The quote seems a bit reactionary. Is it a reaction against something the Jews said to Christians about the Passover or is it just Constantine setting up his own system?


----------



## Eoghan (Nov 24, 2008)

I would be interested in reading precicely how the 18 Benedictions were changed!

There does seem to have been a falling out. Question is should we feel guilty about wahat was done a thousand years ago.

It reminds me of countries "apologising" for their role in slavery.


----------



## TimV (Nov 24, 2008)

> There does seem to have been a falling out. Question is should we feel guilty about wahat was done a thousand years ago.



The language is stronger than necessary, but it doesn't reach the level, in my opinion of needing an apology, especially since Constantine was right. We know from the Scriptures themselves that Jews were trying to suck back Christians into their false religion. There's no reason to think their attitude changed, and to force the church to date Easter from the barley harvest in Israel would be an example of this Judaizing (not to say that we couldn't do better than we are concerning the dating of Easter).

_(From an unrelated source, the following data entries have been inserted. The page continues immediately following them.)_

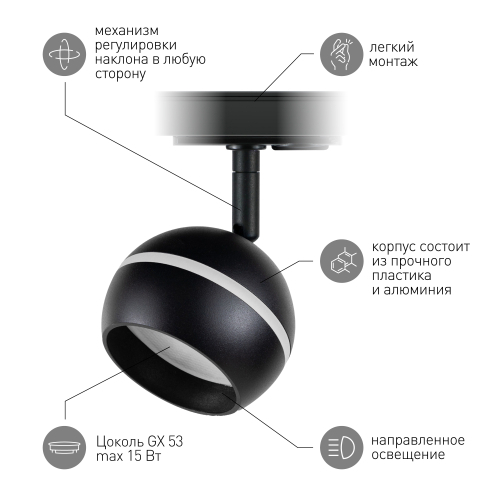 Однофазный трековый светильник под лампу с цоколем GX53 с плоским трековым адаптером. Корпус светильника выполнен из алюминия и пластика. Благодаря возможности использования лампы GX53 светильник можно сделать достаточно ярким, используя лампы 12-15W. Передняя часть плафона выполнена из опалового акрила, который, сужая угол рассеивания и снижая тем самым эффект ослепления, также выполняет декоративную функцию и делает светильник эстетически более привлекательным.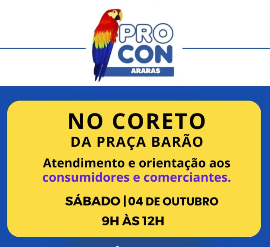 Neste sábado (4), das 9h às 12h, no Coreto da Praça Barão, o Procon (Fundação de Proteção e Defesa do Consumidor) de Araras e o Unar (Centro Universitário Dr. Edmundo Ulson), realizam a 5ª edição deste ano do “Procon na Praça”, com atendimento e orientação aos consumidores e comerciantes locais; a iniciativa tem o apoio da Prefeitura de Araras, por meio da Secretaria Municipal da Justiça.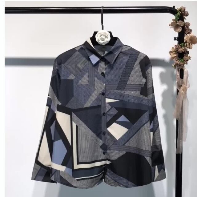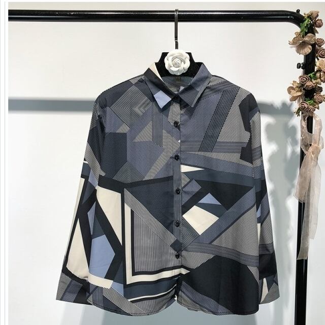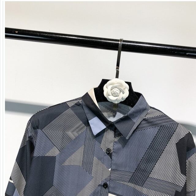大きいサイズ レディース トップス 半袖 ブラウス トップス シャツ レディース マルチストライプ ミディアム 羽織 幾何学模様 レトロ 大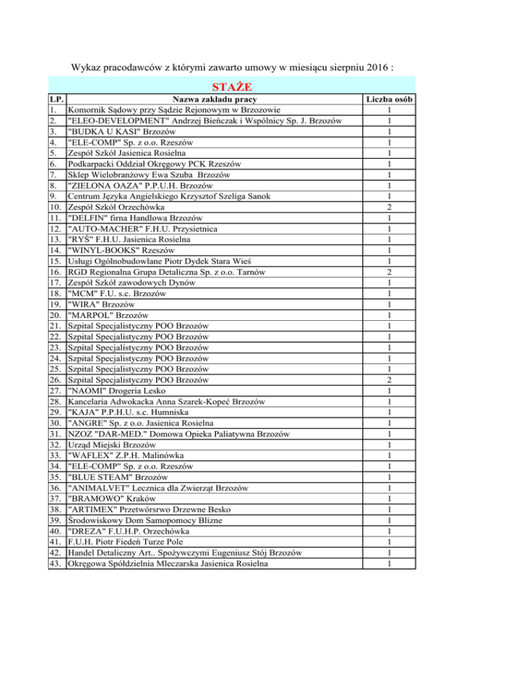 Wykaz pracodawców z którymi zawarto umowy w miesiącu sierpniu 2016 : STAŻE LP. 1. 2. 3. 4. 5. 6. 7. 8. 9. 10. 11. 12. 13. 14. 15. 16. 17. 18. 19. 20. 21. 22. 23. 24. 25. 26. 27. 28. 29. 30. 31. 32. 33. 34. 35. 36. 37. 38. 39. 40. 41. 42. 43. Nazwa zakładu pracy Komornik Sądowy przy Sądzie Rejonowym w Brzozowie "ELEO-DEVELOPMENT" Andrzej Bieńczak i Wspólnicy Sp. J. Brzozów "BUDKA U KASI" Brzozów "ELE-COMP" Sp. z o.o. Rzeszów Zespół Szkół Jasienica Rosielna Podkarpacki Oddział Okręgowy PCK Rzeszów Sklep Wielobranżowy Ewa Szuba Brzozów "ZIELONA OAZA" P.P.U.H. Brzozów Centrum Języka Angielskiego Krzysztof Szeliga Sanok Zespół Szkół Orzechówka "DELFIN" firna Handlowa Brzozów "AUTO-MACHER" F.H.U. Przysietnica "RYŚ" F.H.U. Jasienica Rosielna "WINYL-BOOKS" Rzeszów Usługi Ogólnobudowlane Piotr Dydek Stara Wieś RGD Regionalna Grupa Detaliczna Sp. z o.o. Tarnów Zespół Szkół zawodowych Dynów "MCM" F.U. s.c. Brzozów "WIRA" Brzozów "MARPOL" Brzozów Szpital Specjalistyczny POO Brzozów Szpital Specjalistyczny POO Brzozów Szpital Specjalistyczny POO Brzozów Szpital Specjalistyczny POO Brzozów Szpital Specjalistyczny POO Brzozów Szpital Specjalistyczny POO Brzozów "NAOMI" Drogeria Lesko Kancelaria Adwokacka Anna Szarek-Kopeć Brzozów "KAJA" P.P.H.U. s.c. Humniska "ANGRE" Sp. z o.o. Jasienica Rosielna NZOZ "DAR-MED." Domowa Opieka Paliatywna Brzozów Urząd Miejski Brzozów "WAFLEX" Z.P.H. Malinówka "ELE-COMP" Sp. z o.o. Rzeszów "BLUE STEAM" Brzozów "ANIMALVET" Lecznica dla Zwierząt Brzozów "BRAMOWO" Kraków "ARTIMEX" Przetwórsrwo Drzewne Besko Środowiskowy Dom Samopomocy Blizne "DREZA" F.U.H.P. Orzechówka F.U.H. Piotr Fiedeń Turze Pole Handel Detaliczny Art.. Spożywczymi Eugeniusz Stój Brzozów Okręgowa Spółdzielnia Mleczarska Jasienica Rosielna Liczba osób 1 1 1 1 1 1 1 1 1 2 1 1 1 1 1 2 1 1 1 1 1 1 1 1 1 2 1 1 1 1 1 1 1 1 1 1 1 1 1 1 1 1 1 PRACE INTERWENCYJNE LP. 1. 2. 3. 4. 5. 6. 7. 8. 9. 10. 11. 12. 13. 14. Nazwa zakładu pracy Zespół Szkół Ogólnokształcących Brzozów MICROTEC Sp. z o.o. Brzozów ASM STARTER Rzeszów Firma Handlowa DOMEX Lesko CENTURION Sp. z o.o. Sanok N ZOZ DAR-MED. Brzozów Z-d Rem.-Bud. LATER Sp. z o.o. Rymanów Szpital Specjalistyczny w Brzozowie Usługi Transp. ADJUKOP-TRANS Niebocko Zespół Szkół Górki Powiat. Centrum Integracji Społecznej Orzechówka KRO-REM Krosno Budka U Kasi Brzozów Salon Fryzjerski LA BELLA Rzeszów Liczba osób 1 1 1 1 1 1 1 1 1 1 1 1 1 1 REFUNDACJA KOSZTÓW WYPOSAŻENIA LUB DOPOSAŻENIA STANOWISK PRACY DLA SKIEROWANEGO BEZROBOTNEGO LP. 1. 2. 3. 4. Nazwa zakładu pracy Usługi Budowlano - Instalacyjne "DUD - BUD" OFF ROAD MOTOCYKLE Marek Matus CYBERMAX s. c. Mirosław Brzana, Tomasz Brzana, Zbigniew Brzana WRW s. c. Jucha, Urbanek, Blicharczyk Liczba osób 1 1 1 18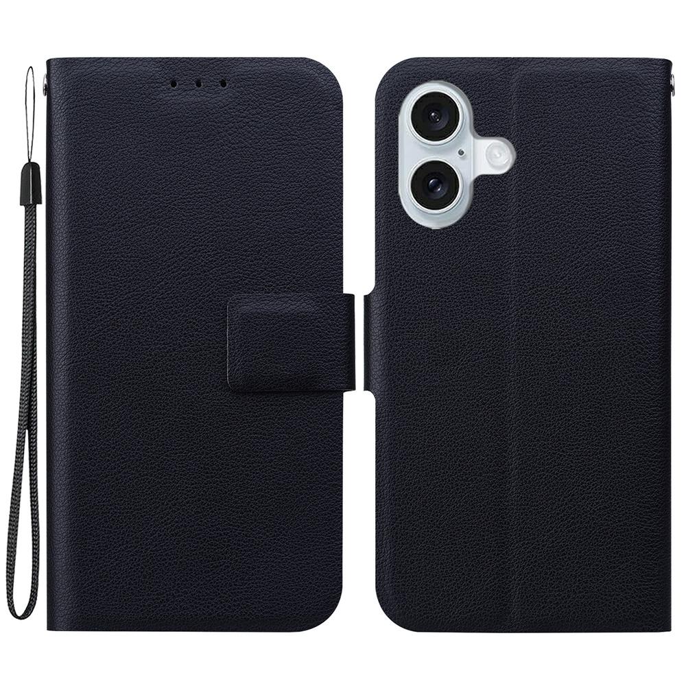 Чехол для iPhone 16 Ультратонкий из ПУ кожи + ТПУ Чехол для телефона со слотом для карт - Черный
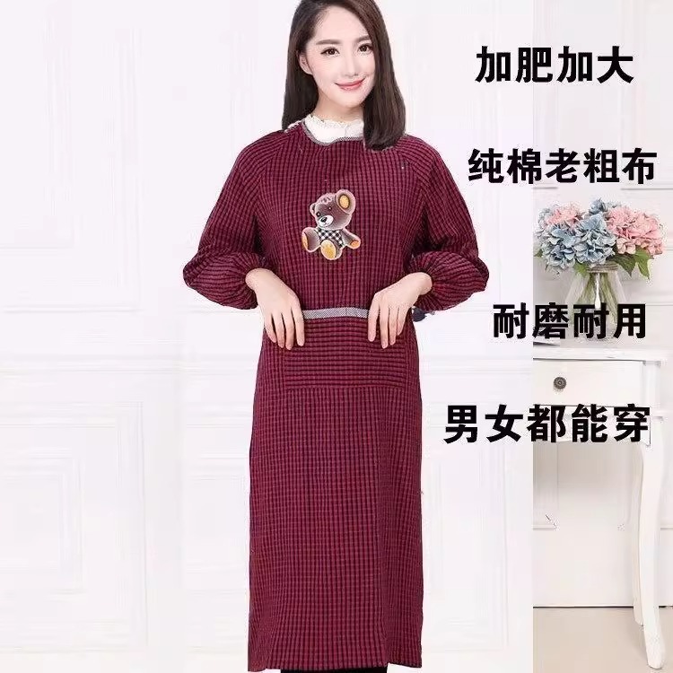 纯棉老粗布围裙长袖成人罩衣家用围裙做饭秋冬加厚工作罩衣工作服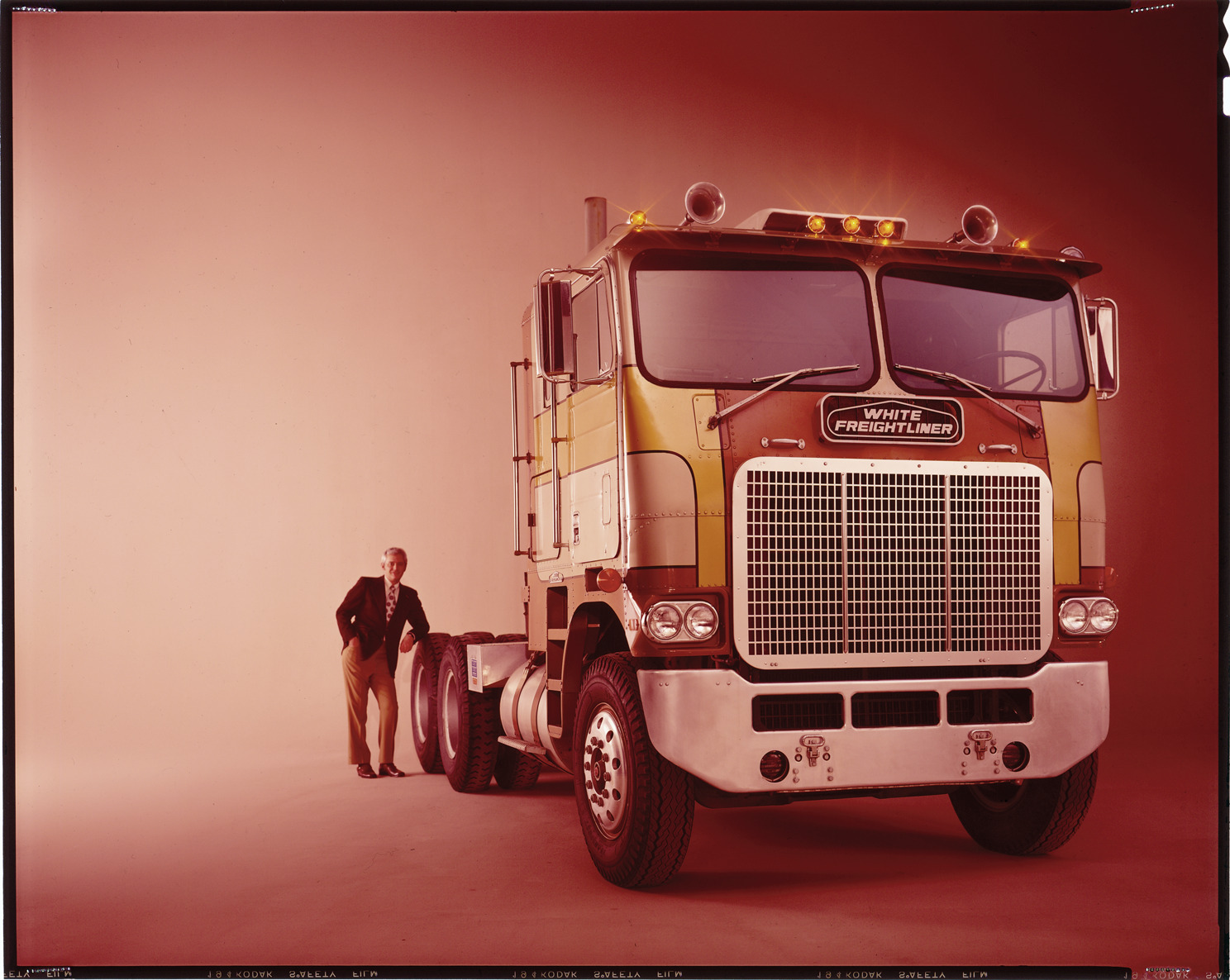 View of a man posing with a White truck cab. Label on sleeve: "White trucks, date unknown."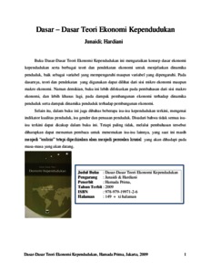 Buku Dasar-Dasar Teori Ekonomi Kependudukan ini menguraikan konsep dasar ekonomi kependudukan sertaberbagai teori dan pendekatan ekonomi untuk menjelaskan dinamika penduduk, baik sebagai variabel yang mempengaruhi maupun variabel yang dipengaruhi. Pada dasarnya, teori dan pendekatan yang digunakan dapat dilihat dari sisi mikro ekonomi maupun makro ekonomi. Namun demikian, buku ini lebih difokuskan pada pembahasan dari sisi makro ekonomi, dan lebih khusus lagi, pada dampak pembangunan ekonomi terhadap dinamika penduduk serta dampak dinamika penduduk terhadap pembangunan ekonomi. Selain itu, dalam buku ini juga dibahas beberapa isu-isu kependudukan terkini, mengenai indikator kualitas penduduk, isu gender dan penuaan penduduk. Disadari bahwa tidak semua isu-isu terkini dapat dicakup dalam buku ini. Tetapi paling tidak, melalui pembahasan tersebut diharapkan dapat menuntun pembaca untuk menemukan isu-isu lainnya, yang saat ini masih menjadi “embrio” tetapi diperkirakan akan menjadi persoalan krusial yang akan dihadapi pada masa-masa yang akan datang.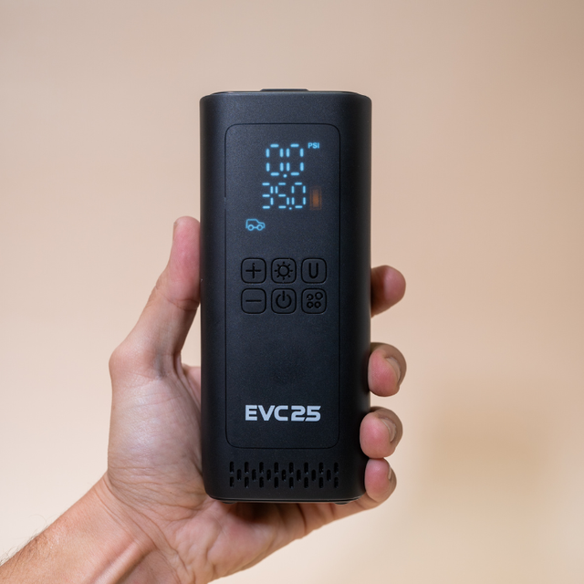 The EVC25 is an all-in-one air solution that’s perfect for your car, bike, motorcycle, or inflatables. This wireless compressor operates with 2 x 2000mAh batteries with capabilities of reaching 150 PSI. Multifunction with smart auto preset pressure, a digital screen, and large buttons. The EVC25 features multiple inflation modes and comes standard with a built-in power bank feature. Keep it in your glove box or under your seat - this portable tire inflator is a must-have for every vehicle.
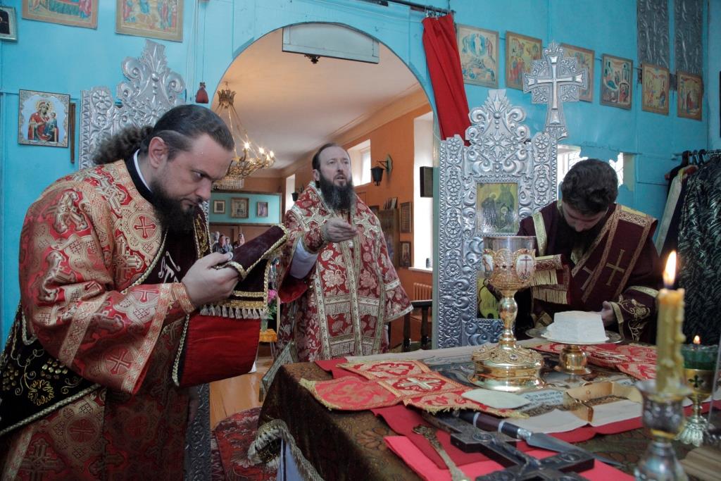 Его Преосвященству сослужили: духовник епархии архимандрит Спиридон (Теплухин), ключарь кафедрального собора иеромонах Никодим (Авдеев), клирики собора иерей Алексий Клепиков и иерей Константин Дьяков, протодиакон Андрей Дудник, иеродиакон Мефодий (Шевчук), диакон Алексий Горбунов, диакон Владимир Лаврешин.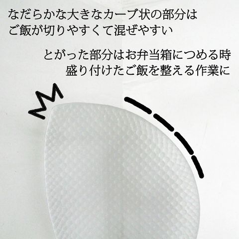 左右非対称で利き手専用設計でつくられており、なだらかな大きなカーブ状の部分はご飯が切りやすくて混ぜやすい。ご飯の【切れ味】は心地よくよそうための大きな要素です。

Saying we have nothing in common with those hostile people sounds pretty anti Semitic if you're a Christian Zionist or influenced by Dipsy theology but looking at it rationally and more important Scripturally it's true.

And PS it was quite a bit more than a thousand years ago.


----------



## Notthemama1984 (Nov 24, 2008)

I agree with Tim, the PC crowd may say that an apology is needed, but I say if you want to see real anti-semitism just read some of the OT prophets. God rips the Israelites again and again (for good reason of course).


----------